All the questions posed during the course, in both RP and on the final exam, were multiple-choice questions (recognition tests). A total of 252 RP questions were posed during the semester and a total of 148 questions were posed on the final exam. RP was used to study student knowledge of the innervation of the visceral systems; thus, of all the questions that were asked on the final exam, only the questions that addressed innervation were congruent with the questions posed during RP. These questions, which amounted to a total of 67 final exam questions, were designated as completely congruent questions (CCQs).
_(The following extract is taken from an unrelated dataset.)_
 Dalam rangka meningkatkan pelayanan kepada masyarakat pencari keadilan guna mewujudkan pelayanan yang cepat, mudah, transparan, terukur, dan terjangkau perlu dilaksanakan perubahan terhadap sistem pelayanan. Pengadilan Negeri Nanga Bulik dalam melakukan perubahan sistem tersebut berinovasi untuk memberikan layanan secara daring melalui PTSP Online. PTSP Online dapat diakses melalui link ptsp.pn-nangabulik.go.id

‘Congruency’ refers to the degree that a RP question is similar to a question that was posed on the final exam. This does not imply that the same question was asked during both the implementation of RP and on the final exam; rather, two questions were considered congruent if the same knowledge that pertains to one also pertains to the other. For example, “Which of the following nerves innervates the masseter muscle?” was asked as an RP question; a CCQ congruent with this question was “Which cranial nerve, if damaged, causes inability to chew?”
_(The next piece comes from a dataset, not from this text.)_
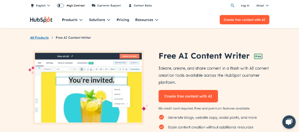 HubSpot’s free AI content writer specializes in marketing and sales copy with built-in conversion optimization features. The platform generates content specifically designed for lead generation, customer engagement, and sales conversion across multiple marketing channels. HubSpot’s AI understands marketing contexts and automatically incorporates persuasion techniques appropriate for different stages of the customer journey.

All other questions, which did not address innervation and were posed during RP but not on the final exam, were designated as noncongruent questions (NCQs). An example of an NCQ was “Which of the following is not a bone of the face?” Of course, students were not made aware of these categorizations and were expected to study and learn all the information that was taught during the course.
Data Analysis
The students’ overall levels of participation in RP were obtained from the tabulated statistics on TopHat©. Furthermore, their grades for each of the CCQs were obtained from TopHat© and their final exam answer sheets. All data were tabulated, and data analysis was performed according to demographics. Students were categorized into one of two groups based on the level of their participation. Participation was characterized as the total number of RP questions the students answered during the semester, regardless of the correctness of those answers. The dichotomous cut-off for participation was set at 85% due to a natural gap in the data (see Table 1), as determined by a consulting statistician in the faculty. Therefore, students who participated ≥ 85% were classified as the high RP group, and those who participated < 85% were classified as the low RP group. The participants in both groups were similar in terms of intellectual ability, as measured by their GPA prior to the commencement of the course.
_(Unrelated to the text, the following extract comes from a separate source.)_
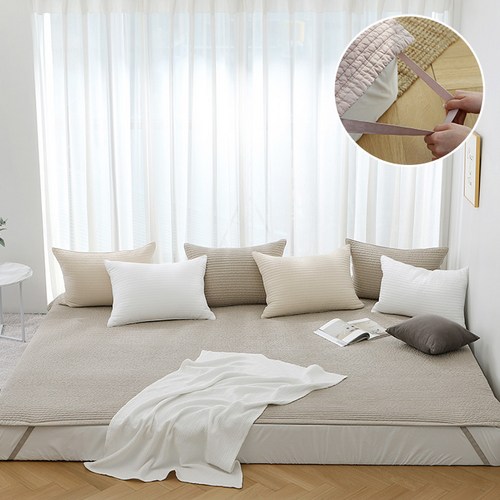 에코데코 로디나 순면 60수 워싱 피그먼트 패밀리 침대패드, 크림아이보리

Table 1 Student participation in retrieval practice (RP), according to demographics The Statistical Package for the Social Sciences (SPSS Statistics) was used to analyze the data. Statistical significance was set at p < 0.05. In all statistical analyses, the dependent variable was always student performance on the final exam; the independent variable was student participation on TopHat©. A Shapiro-Wilk’s test was conducted to test for normality of both dependent and independent variables. This indicated that the data were non-normally distributed. Kendall’s tau-b and Spearman’s rank-order correlations, as well as linear regression, were performed to determine the existence (or lack thereof) and strength of the relationship between the dependent and independent variables.